ASSIGNMENT:
The whole listing below is to be copied exactly, with every picture left out.

COLLECTED MATERIAL:

== == ==

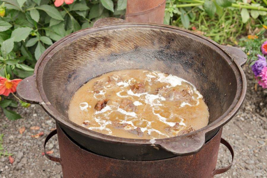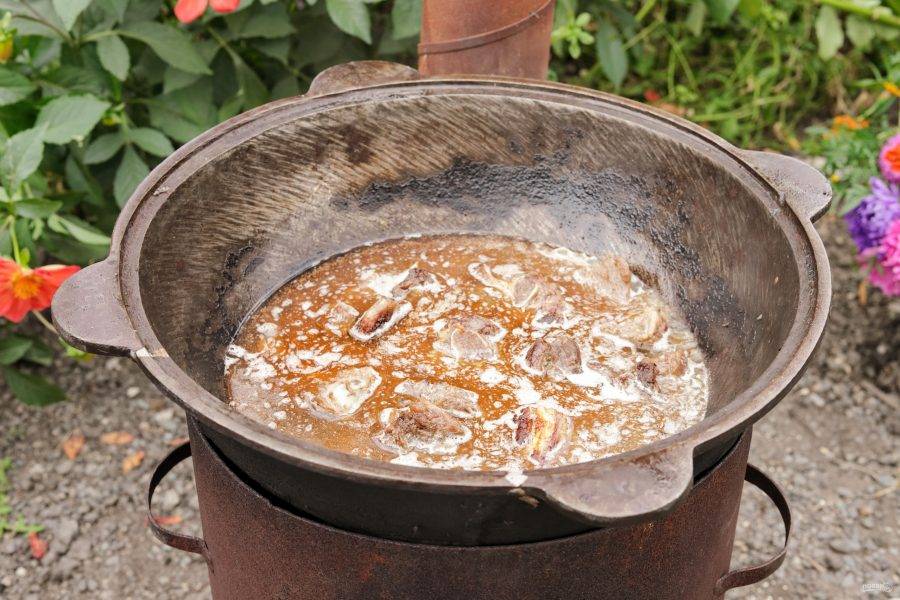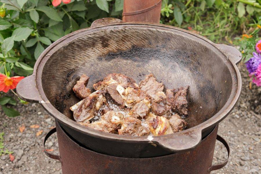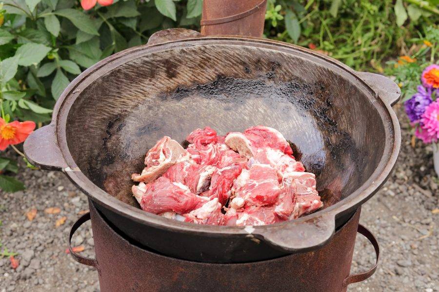 Разведите костёр, используя поленья или какие-либо древесные отходы. Разместите над ними в специальном приспособлении казан. Всё дно и стенки казана изнутри смажьте растительным маслом, пригодным для жарки. Налейте масло, накалите его и выложите рубленное на куски мясо (мясо предварительно промойте и обсушите).
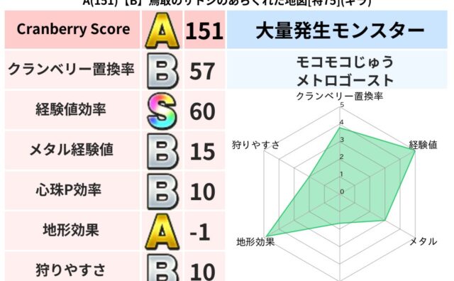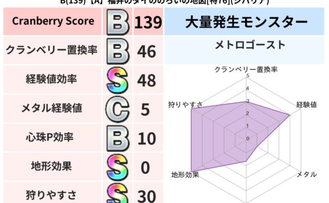 クランベリーボット判定結果の詳細クランベリースコア139クランベリー置換率46%大量発生モンスターメトロゴースト超耐性ジバリア(0%)こころ道 完全一致モンスターねこまどうニンジャ(風道Lv5)グリゴンダンス魔人(超魔道Lv5)メトロゴース...
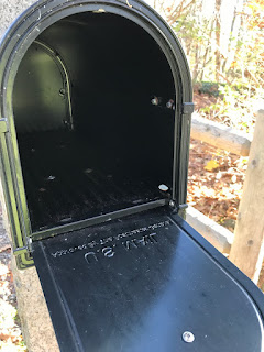I left for yoga at 9:20 and returned at 11:15. I went down to bring up the trash barrel and checked the mailbox--though I saw the mail carrier on my way home, so I did not expect the mail to have been delivered.

== == ==

SOLVED PROBLEM:
 Разведите костёр, используя поленья или какие-либо древесные отходы. Разместите над ними в специальном приспособлении казан. Всё дно и стенки казана изнутри смажьте растительным маслом, пригодным для жарки. Налейте масло, накалите его и выложите рубленное на куски мясо (мясо предварительно промойте и обсушите).
 クランベリーボット判定結果の詳細クランベリースコア139クランベリー置換率46%大量発生モンスターメトロゴースト超耐性ジバリア(0%)こころ道 完全一致モンスターねこまどうニンジャ(風道Lv5)グリゴンダンス魔人(超魔道Lv5)メトロゴース...
I left for yoga at 9:20 and returned at 11:15. I went down to bring up the trash barrel and checked the mailbox--though I saw the mail carrier on my way home, so I did not expect the mail to have been delivered.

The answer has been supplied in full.